Imagine a detective who writes in a notebook before every move. Before interviewing a witness, they jot down what they hope to learn and why. After the interview, they write what they found out. Before searching the crime scene, they note their theory. After searching, they record what they discovered. This back-and-forth between writing and doing — reasoning, then acting, then reasoning again about the result, then acting again — is the detective's method. It is also the heart of the ReAct pattern.

What ReAct Stands For

ReAct is a pattern introduced by AI researchers in 2022 as a way to structure how language-model agents handle multi-step tasks. The name combines two words: Reasoning and Acting. In the ReAct pattern, an agent alternates between two distinct move types on every turn. Thought: a reasoning step in which the agent thinks out loud about the current situation, what it knows, what it needs to find out, and what to do next. This thought is not an action — it is internal reasoning made visible. Action: a specific operation the agent performs — calling a tool, producing output, or making a decision — based on the thought that immediately preceded it. After the action, the environment returns an observation. That observation triggers a new thought, which triggers a new action — and the cycle continues until the task is complete.

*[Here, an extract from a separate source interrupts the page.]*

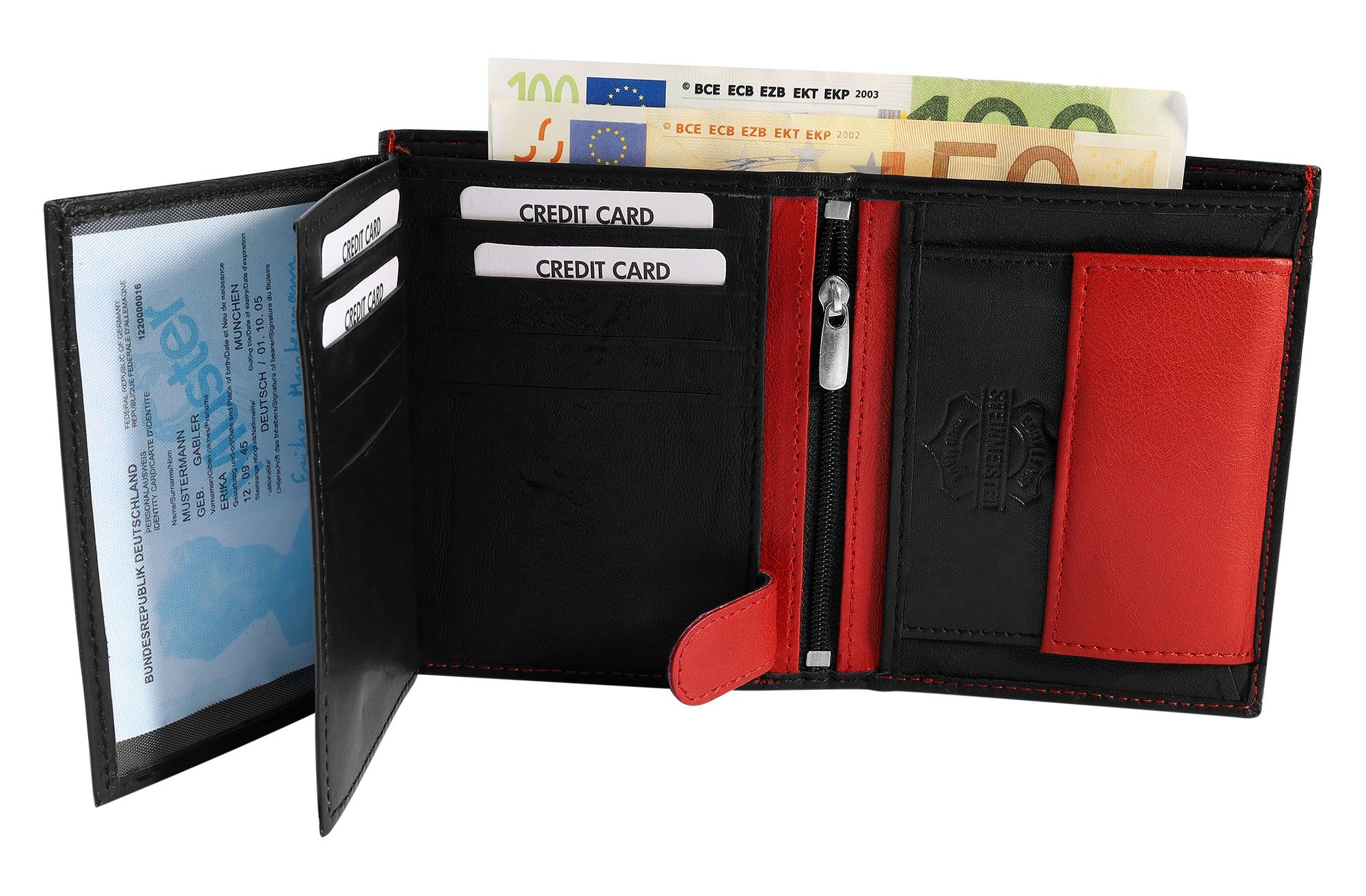 Produktinformationen "Steinmeister Herrengeldbörse aus Echtleder, Hochformat, schwarz/rot"

ReAct — Reasoning + Acting

ReAct is a pattern where an agent alternates Thought steps (explicit reasoning) with Action steps (tool calls or outputs), using the observation from each action to inform the next thought. Thought → Action → Observation → Thought → Action → ...

A ReAct Loop in Action

Here is a simplified ReAct sequence for the task 'What was the most-watched TV show in the US in 2023?' Thought 1: I do not have reliable memory of 2023 TV ratings. I need an external source to answer this accurately. I will search for it. Action 1: search('most-watched TV show US 2023') Observation 1: Results show multiple sources citing a specific popular drama series as number one in total viewers. Thought 2: Multiple sources agree on the same show, which increases my confidence. I also notice the figure refers to live-plus-same-day ratings — I should note this qualifier in my answer. Action 2: produce_answer('According to live-plus-same-day Nielsen ratings, the most-watched show in the US in 2023 was...') Each Thought explains the reasoning before the Action. Each Observation informs the next Thought. Nothing happens without a reason, and every reason is recorded.

Why the Thought Step Matters

Logging the Thought before every Action creates a transparent audit trail. Developers can read the trace and understand exactly why the agent did what it did — and spot where reasoning went wrong if results are incorrect.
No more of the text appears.